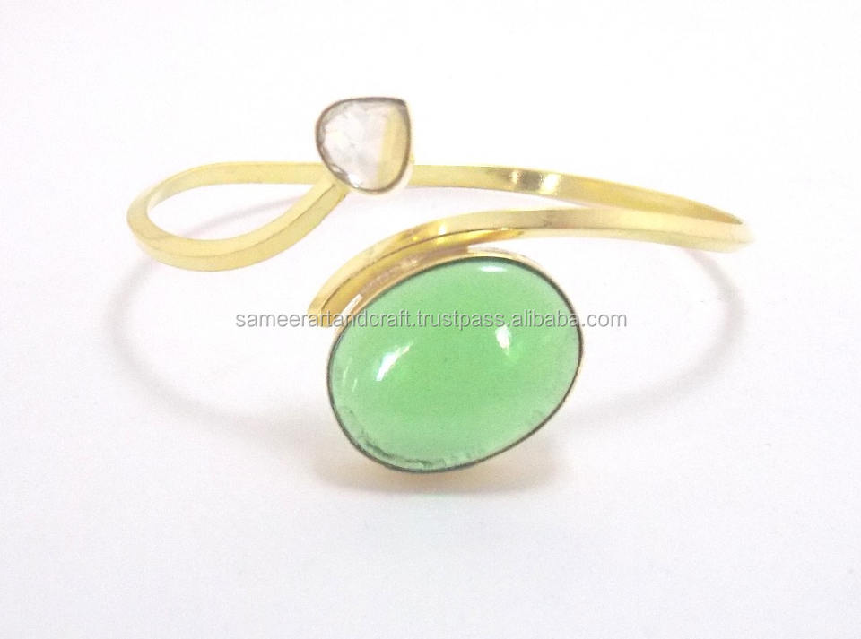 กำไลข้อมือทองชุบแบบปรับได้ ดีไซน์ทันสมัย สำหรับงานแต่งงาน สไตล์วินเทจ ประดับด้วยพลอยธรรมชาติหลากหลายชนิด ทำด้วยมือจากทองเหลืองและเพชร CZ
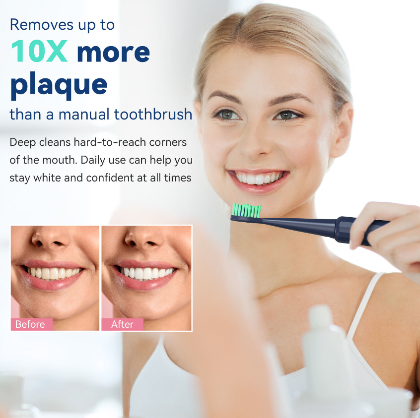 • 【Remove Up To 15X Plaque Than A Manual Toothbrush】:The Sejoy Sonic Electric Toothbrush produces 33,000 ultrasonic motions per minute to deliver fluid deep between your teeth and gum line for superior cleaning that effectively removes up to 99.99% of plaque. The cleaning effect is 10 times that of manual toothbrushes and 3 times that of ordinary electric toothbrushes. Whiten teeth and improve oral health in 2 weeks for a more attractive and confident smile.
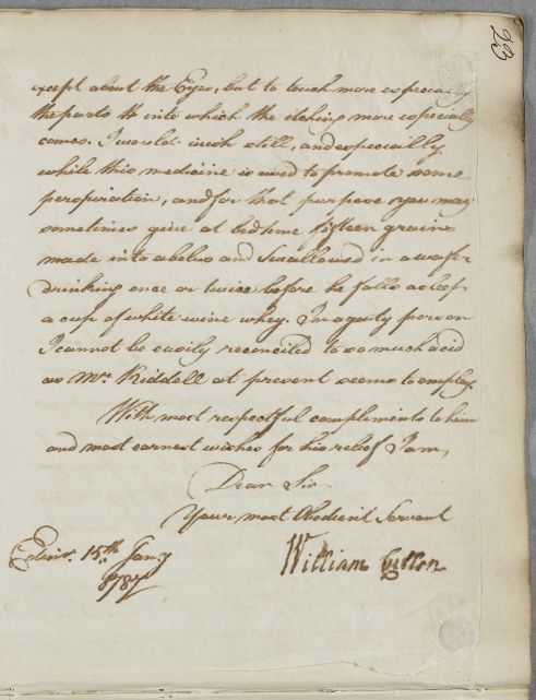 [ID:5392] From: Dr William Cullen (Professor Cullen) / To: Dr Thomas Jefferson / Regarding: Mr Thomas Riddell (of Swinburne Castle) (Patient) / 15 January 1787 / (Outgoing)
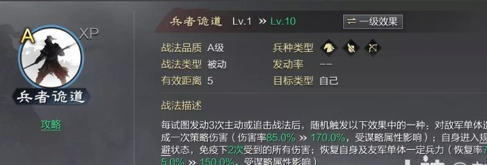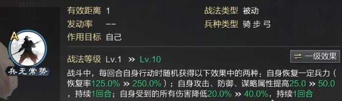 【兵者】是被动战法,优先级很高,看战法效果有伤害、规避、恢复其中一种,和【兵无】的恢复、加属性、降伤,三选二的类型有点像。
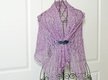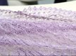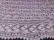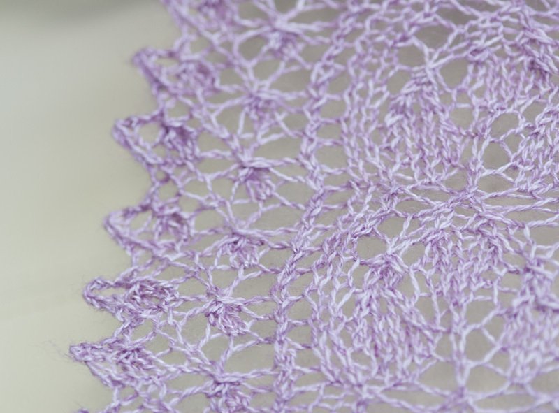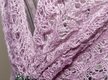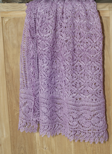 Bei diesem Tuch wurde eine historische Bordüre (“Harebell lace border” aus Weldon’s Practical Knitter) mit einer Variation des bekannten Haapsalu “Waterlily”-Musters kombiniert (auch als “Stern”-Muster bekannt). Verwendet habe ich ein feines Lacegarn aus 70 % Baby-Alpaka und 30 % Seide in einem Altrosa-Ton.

**What to work on:** Each line from the one that contains "and confident smile." to the end of the listing must be quoted exactly; no other line and no picture belongs in the copy.

**Written solution:**
 • 【Remove Up To 15X Plaque Than A Manual Toothbrush】:The Sejoy Sonic Electric Toothbrush produces 33,000 ultrasonic motions per minute to deliver fluid deep between your teeth and gum line for superior cleaning that effectively removes up to 99.99% of plaque. The cleaning effect is 10 times that of manual toothbrushes and 3 times that of ordinary electric toothbrushes. Whiten teeth and improve oral health in 2 weeks for a more attractive and confident smile.
 [ID:5392] From: Dr William Cullen (Professor Cullen) / To: Dr Thomas Jefferson / Regarding: Mr Thomas Riddell (of Swinburne Castle) (Patient) / 15 January 1787 / (Outgoing)
 【兵者】是被动战法,优先级很高,看战法效果有伤害、规避、恢复其中一种,和【兵无】的恢复、加属性、降伤,三选二的类型有点像。
 Bei diesem Tuch wurde eine historische Bordüre (“Harebell lace border” aus Weldon’s Practical Knitter) mit einer Variation des bekannten Haapsalu “Waterlily”-Musters kombiniert (auch als “Stern”-Muster bekannt). Verwendet habe ich ein feines Lacegarn aus 70 % Baby-Alpaka und 30 % Seide in einem Altrosa-Ton.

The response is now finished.